Visual Storytelling challenge

Visual Storytelling Challenge Organizers (afternoon)

Margaret Mitchell, Google Research, margarmitchell@gmail.com

Justin Johnson, Stanford, jcjohns@cs.stanford.edu

Ting-Hao Kenneth Huang, windx0303@gmail.com

Human storytelling has existed for as far back as we can trace, and predates writing.

Humans have used stories for entertainment, education, cultural preservation; to convey experiences, history, lessons, morals; and to share the human experience.

This challenge begins to scratch the surface on how well artificial intelligence can share in this cultural human experience.

Participants are encouraged to work on creating AI systems that can generate stories for themselves, sharing the human experience that they see -- and begin to understand.

Participants may submit to two different tracks: The Internal track and the External track.

Submissions are evaluated on how well they can generate human-like stories given a sequence of images as input.

Dates

Extended to 17.October: Submissions due on EvalAI. (You will need to create an account to view the challenge)

21.October: Results announced

Submission Tracks

Internal Track

For apples-to-apples comparison, all participants should submit to the Internal track. In this track, the only allowable training data is:

- Any of the VIST storytelling data (SIS, DII, and/or the non-annotated album images)
  - Data available here: http://visionandlanguage.net/VIST/dataset.html
- Allowed pretraining
  - Data from any version of the ImageNet ILSVRC Challenge (common in computer vision)
  - Data from any version of the Penn Treebank (common in natural language processing).

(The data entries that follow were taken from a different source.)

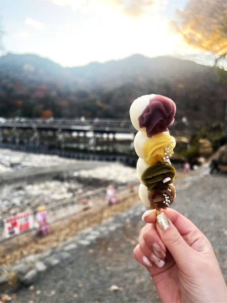 단고를 한 손에 들고 걸으면서 먹는 것도 좋고 🎵 nn가게 바로 앞의 계곡 강을 따라 잠시 앉아 산과 강을 바라보며 휴식을 취하는 것도 좋습니다 🤍 카츠라 강과 토게츠교를 배경으로 사진을 찍어보세요 📷 아라시야마 관광의 화려한 추억을 남겨보는 건 어떠세요? ✨
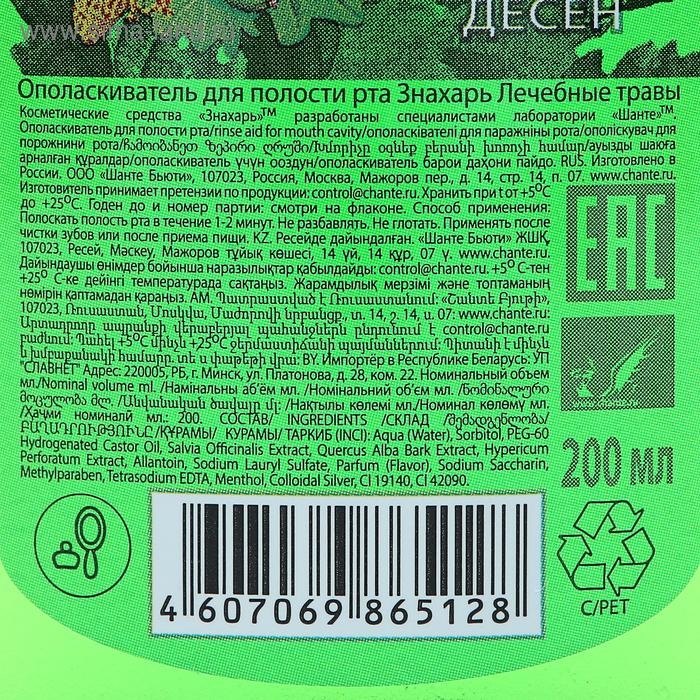 Ополаскиватель «Знахарь» с экстрактами зверобоя, шалфея, коры дуба и серебром эффективно подавляет рост патогенной микрофлоры и задерживает развитие патологического процесса, ускоряет трофику дёсен и слизистой полости рта.
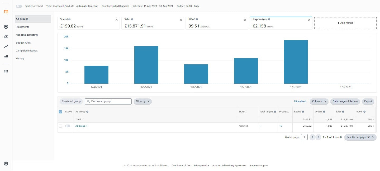 Generating £15,781.91 in sales by allocating only £159.82 to a PPC campaign for 10 products

If you wish to use any other sources of data/labels or pre-training, please submit to the External track.

External track

Participants can use any data or method they wish during training (including humans-in-the-loop), but all data should be publicly available or made publicly available. At test time, the systems must be stand-alone (no human intervention). Possible datasets include data from other ICCV workshops, COCO, and VQA. Please e-mail us to let us know what datasets you choose to use and a link to the source. We will update the website with links to datasets chosen by 2 or more groups, and make all datasets available after submission.

Evaluation

Evaluation will have two parts:

1. Automatic: On EvalAI, using the automatic metric of METEOR.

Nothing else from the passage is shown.